What is the effect of dropping a between by within subjects interaction on other terms in a mixed anova?

Suppose we have a mixed anova with one between subjects factor (B) and two within subject factors (W1 and W2). The mixed anova can be thought of as an amalgamation of four separate anovas each with their own error sum of squares. These comprise B and the error across subjects; W1, W1 x B, W1 x subjects error; W2, W2 x B, W2 x subjects error and W1 x W2, B X W1 x W2 and the W1 x W2 x subjects error. The error terms are not independent - for example the presence of B influence the variation across subjects which inputs into all four error terms.
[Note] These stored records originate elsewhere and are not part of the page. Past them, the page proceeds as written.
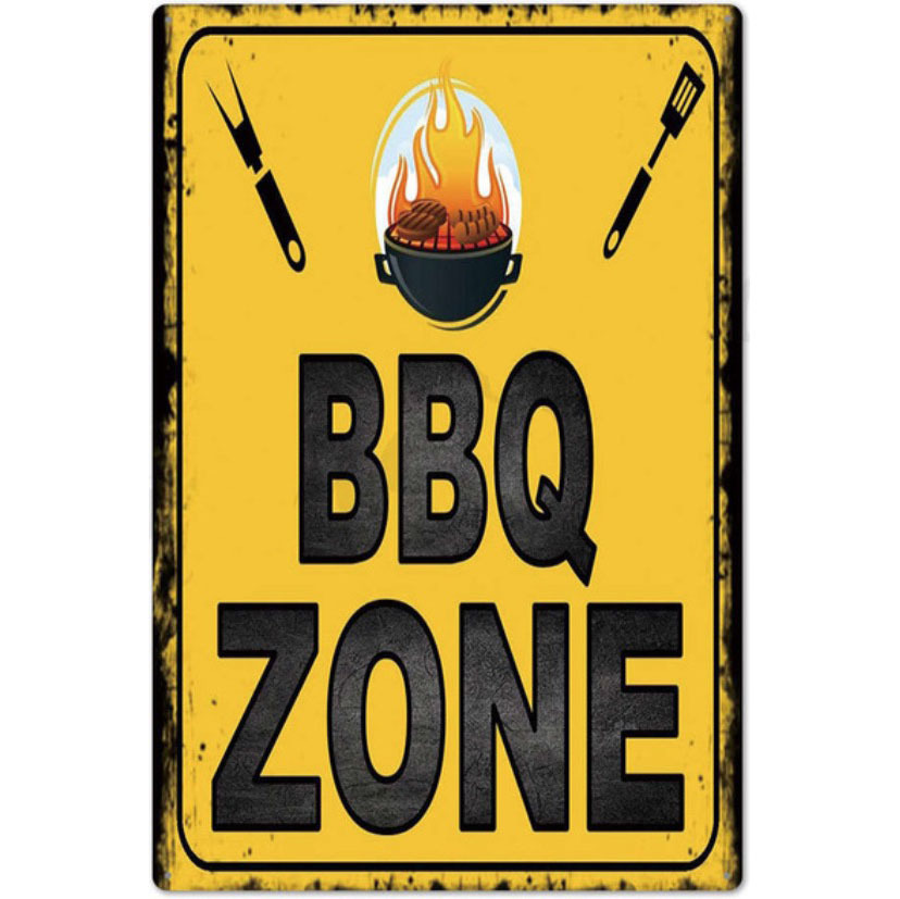 - A1812 メタル サイン 金属 製 ブリキ 看板 プレート 店 アウトドア 車 キャンプ 焚火 焼肉 バーベキュー BBQ ZONE 【2157】
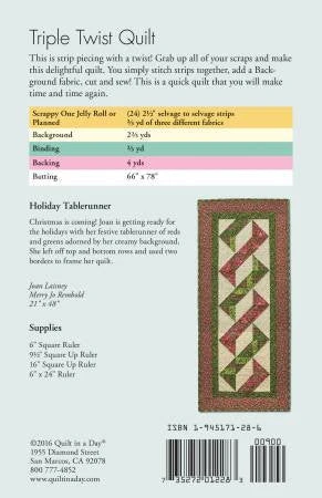 56in x 68in or 64in x 82in. This is strip piecing with a twist! Grab up all of your scraps and make this delightful quilt. You simply stitch strips together, add a background fabric, cut and sew! This is a quick quilt that you will make time and time again. Jelly Roll (2 1/2 strip) friendly!
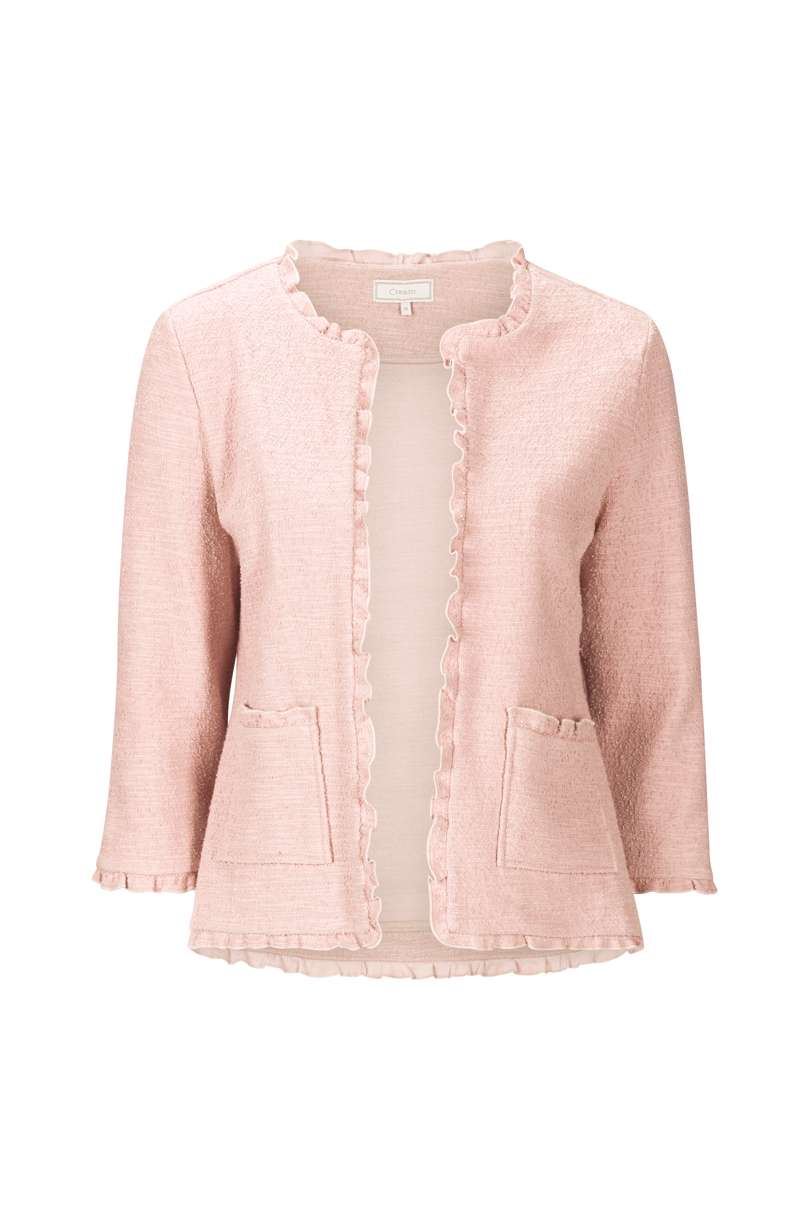 Cardigan Nellie fra Cream er en sød lille indendørsjakke/cardigan uden lukning med flæsekant samt to påsyede forlommer. Ærmerne er lidt kortere med smal flæsekant i ærmekant. Fremstillet i vævet bomuldskvalitet med sweattouch, hvor ydersiden er fint nopret. Indersiden er glat. Længde 58 cm i str. M.
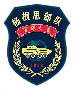 The 58th Division engaged U.N forces at Hagaru-ri and Kot’ori during the Battle of Chosin Reservoir.[2] The division's attacks at Hagaru-ri were unsuccessful.[3] The division's attacks at Kot'ori were unsuccessful in halting UN forces from reinforcing their positions Hagaru-ri, but it, along with the 60th division, inflicted severe losses on the convoy.[4] Per official Chinese lore, Yang Gensi, commander of 3rd Company, 172nd Infantry Regiment, sacrificed himself when holding a strategic position with one of his platoons by throwing himself himself into a group of more than 40 UN soldiers while holding a satchel charge, killing himself and some UN soldiers. Yang was posthumously awarded the titles of "First Class Hero of People's Volunteer Army", and "Hero of Democratic People's Republic of Korea".[5][6]

Let's assume the two interactions involving W1 x W2 are not statistically significant. It then follows that W1 and W2 are independent of each other as are the B x W1 and B x W2 terms. This follows since within subjects factors influence variation within subject and not between subject so neither W1 nor W2 influence the (between) subjects error term, and since we are assuming there is no W1 x W2 interaction, each other.
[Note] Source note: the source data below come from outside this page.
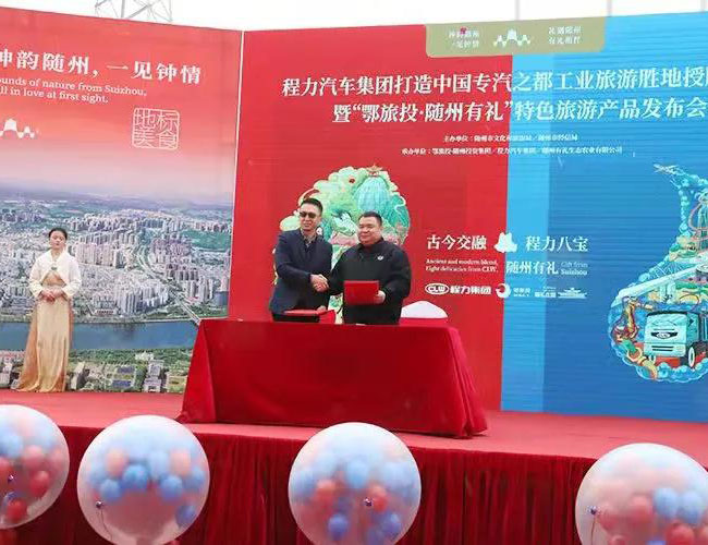 在程力工業(yè)旅游產(chǎn)品發(fā)布會(huì)上,程力汽車集團(tuán)總經(jīng)理程阿羅(左)與鄂旅投總經(jīng)理王濤,簽署了文化旅游戰(zhàn)略合作框架協(xié)議,雙方?jīng)Q定利用各自的優(yōu)勢(shì)強(qiáng)強(qiáng)聯(lián)合,共同開發(fā)工業(yè)旅游潛在市場(chǎng),為隨州的經(jīng)濟(jì)發(fā)展增添新的動(dòng)能。
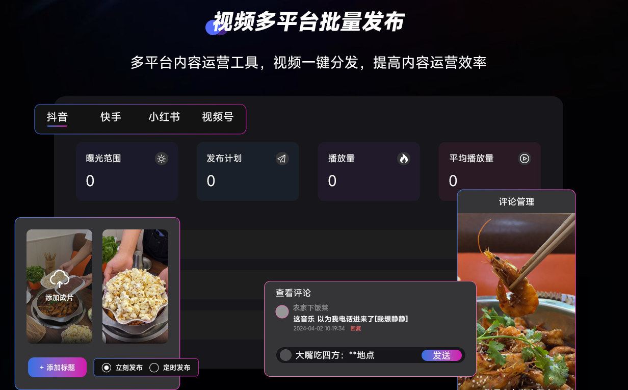 利用免费工具(如剪映、新媒加)实现批量剪辑和多平台发布,并通过数据分析调整发布时间和内容类型。
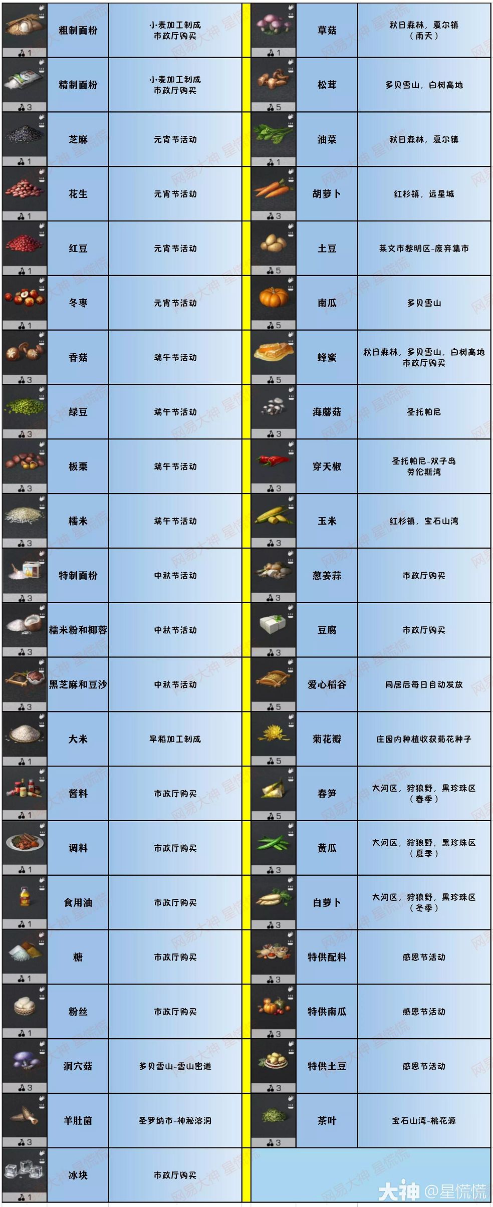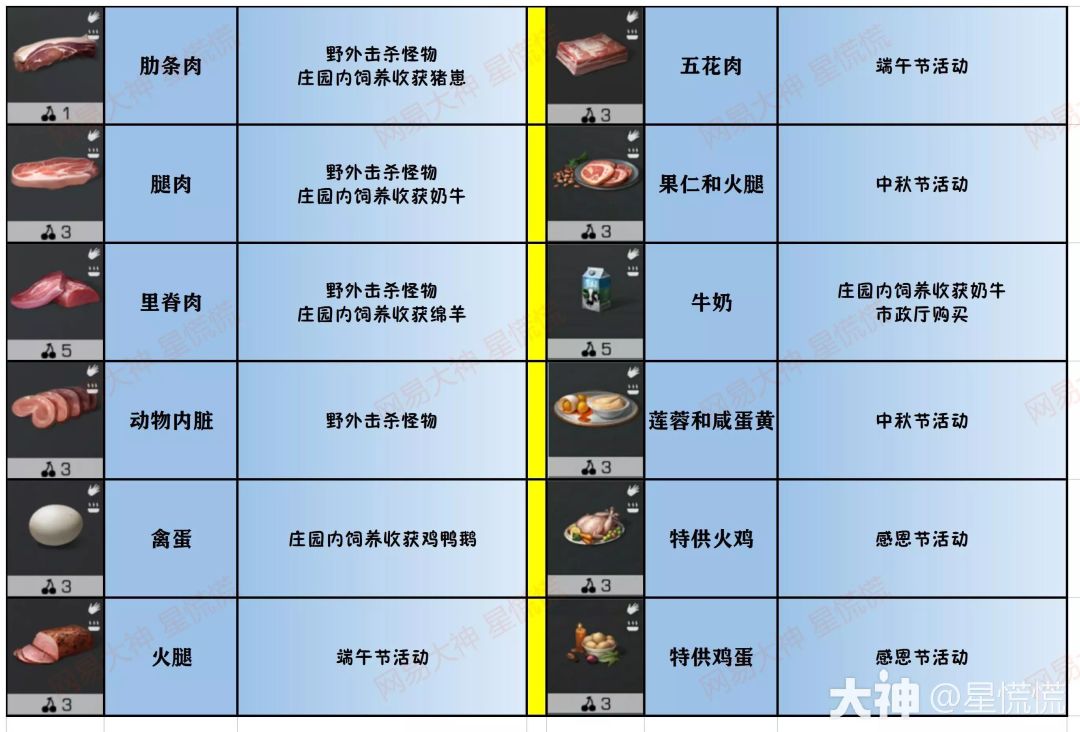 💎上图仅呈现各种食材的主要获得途径,部分食材也可在各种活动及其他玩法中获得。
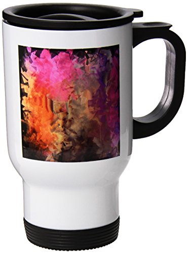 Studio : 3E Rose (Kitchen) Publisher : 3E Rose (Kitchen) Binding : Kitchen Product Description Abstract Pink and Orange by Angelandspot Travel Mug is a great way to take your favorite hot or cold drink along. With a tapered bottom this stylish 14oz mug fits in a standard cup holder and features an easy-grip handle with thumb rest, slide opening lid and slanted drinking surface. This travel mug is made of stainless steel. Not microwave safe, hand washing is recommended. 0
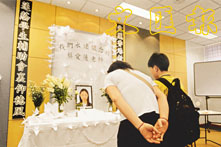 天水圍香港學生輔導會小學昨日為車禍中罹難的蔡愛蓮老師舉行追思會,讓老師、學生和家長前來致祭,學校瀰漫一片傷感氣氛,有家長讚揚蔡老師教學負責,又能提升學生的學習興趣。追思閣佈置簡單清雅,檯上擺放插有白玫瑰及百合花的花瓶,中間放了蔡老師生前穿畢業袍的遺照,兩邊是以「愛」及「蓮」字的嵌字挽聯,表達對蔡老師的懷念。

It follows that the removal of the W2 x B interaction from the model does not influence either the W1 or W1 x B sources of variation and vice-versa. The above also applies equally if B is a factor or a covariate. Van Breukelen and Van Dijk (2007) and Aiken and West (1991) suggest always centering covariates before using them in an interaction. Van Breukelen and Van Dijk (2007) show that without centering covariates the main effects W1 and W2 are correlated with W1 x B and W2 x B respectively however, in any case, care should be taken when interpreting main effects in the presence of an interaction. See also here.
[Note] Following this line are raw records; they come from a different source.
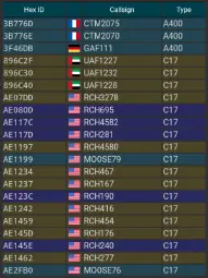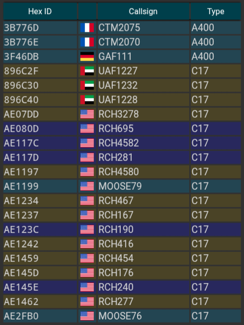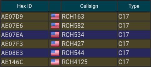 Lots of planes coming in just now. Currently eight C-17s are on their way to MENA. And earlier today there were ten C-17s and three A-400s.
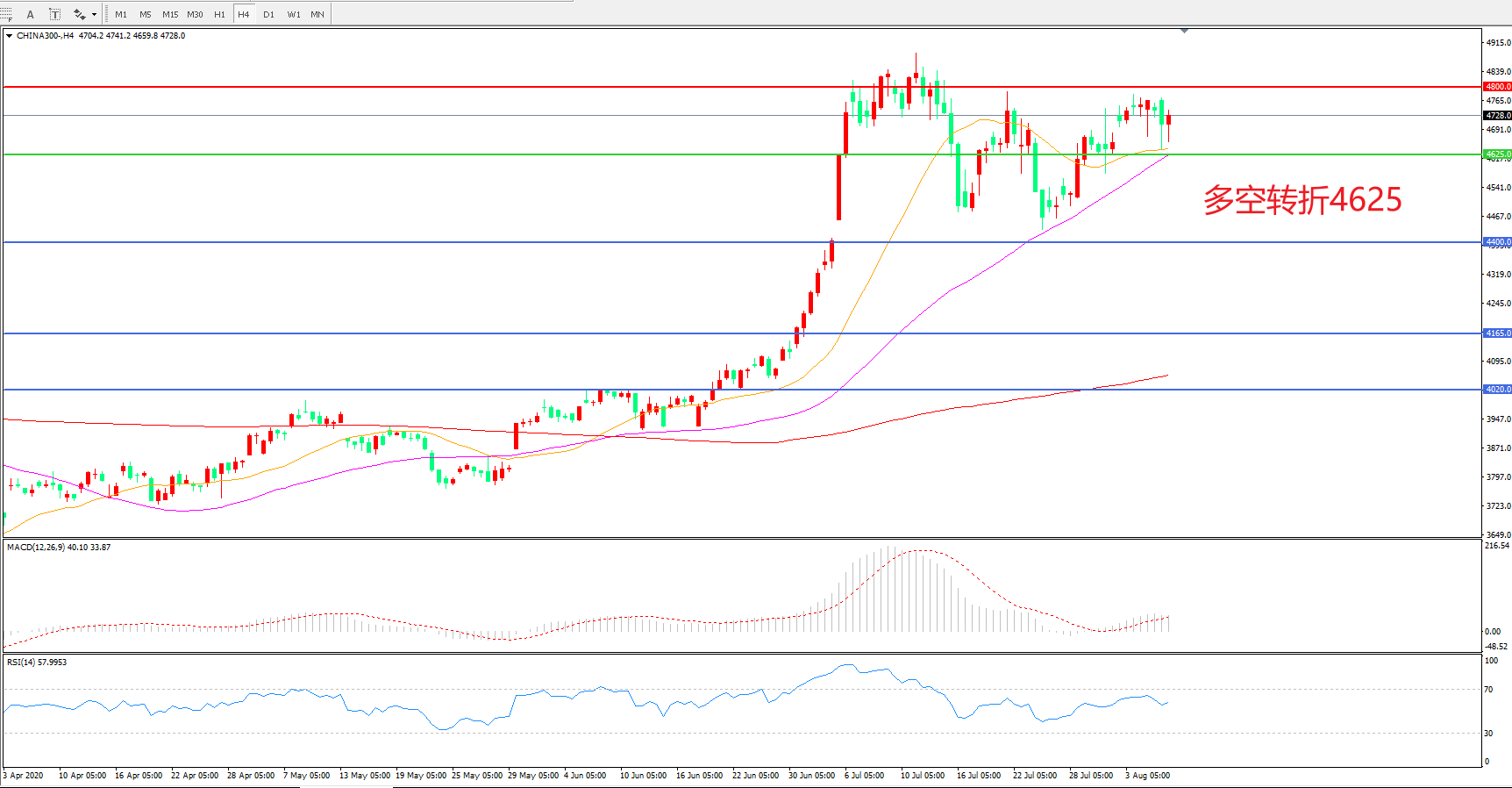 4小时图看,沪深300延续高位震荡,21周期均线成为短期支撑,4800成为上方阻力,均线系统拐头向上, MACD红柱缩短,RSI指标走平,日内延续震荡概率较大。
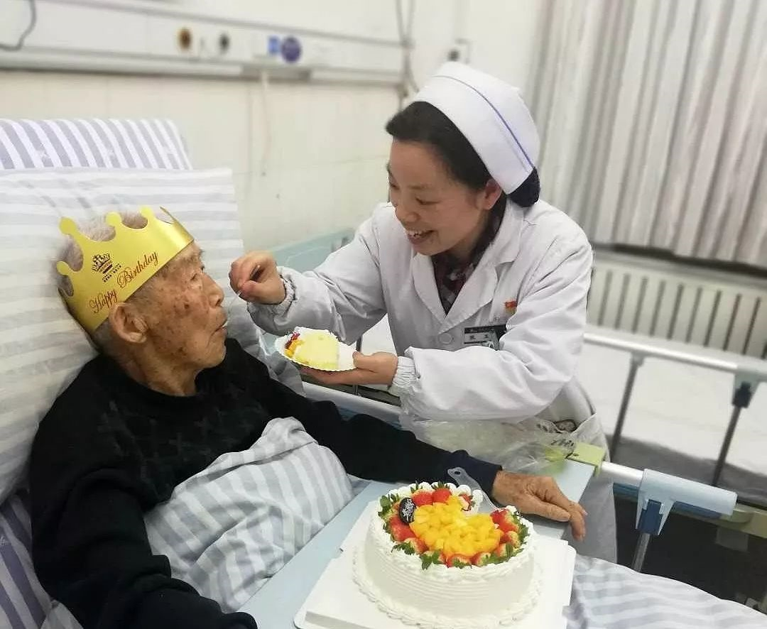 护士长张玉上前亲自喂老人吃下一口甜甜的生日蛋糕,她说,“能够在这么特殊的日子为百岁老人过生日,是一种缘分,也非常难得,祝愿李爷爷能够早日康复。”
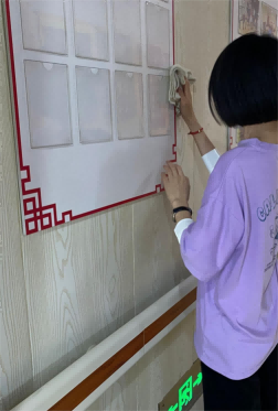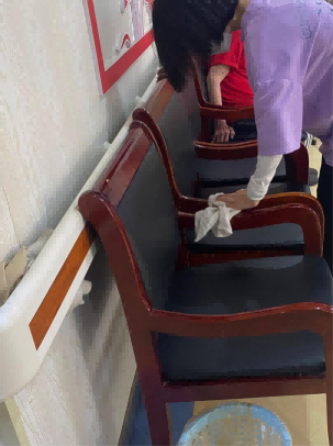 打扫卫生,尽心尽力老人房间的卫生清洁,护理员工们基本上都已打扫干净,收拾妥当。经过护理员工的指导,队员们用抹布擦拭大厅和走道的物品,为敬老院的老人提供力所能及的帮助与服务。

SPSS recognizes this partition by having separate syntax subcommands for specifying patterns of within subjects factors and covariates (/WSDESIGN) and between subjects factors and covariates (/DESIGN).

How do we know which sources of variation are orthogonal to B x W?

References

Aiken LS and West SG (1991) Multiple Regression: Testing and Interpreting Interactions. Sage:London.

Van Breukelen GJP and Van Dijk KRA (2007) Use of covariates in randomized controlled trials. Journal of the International Neuropsychological Society 13 903-904.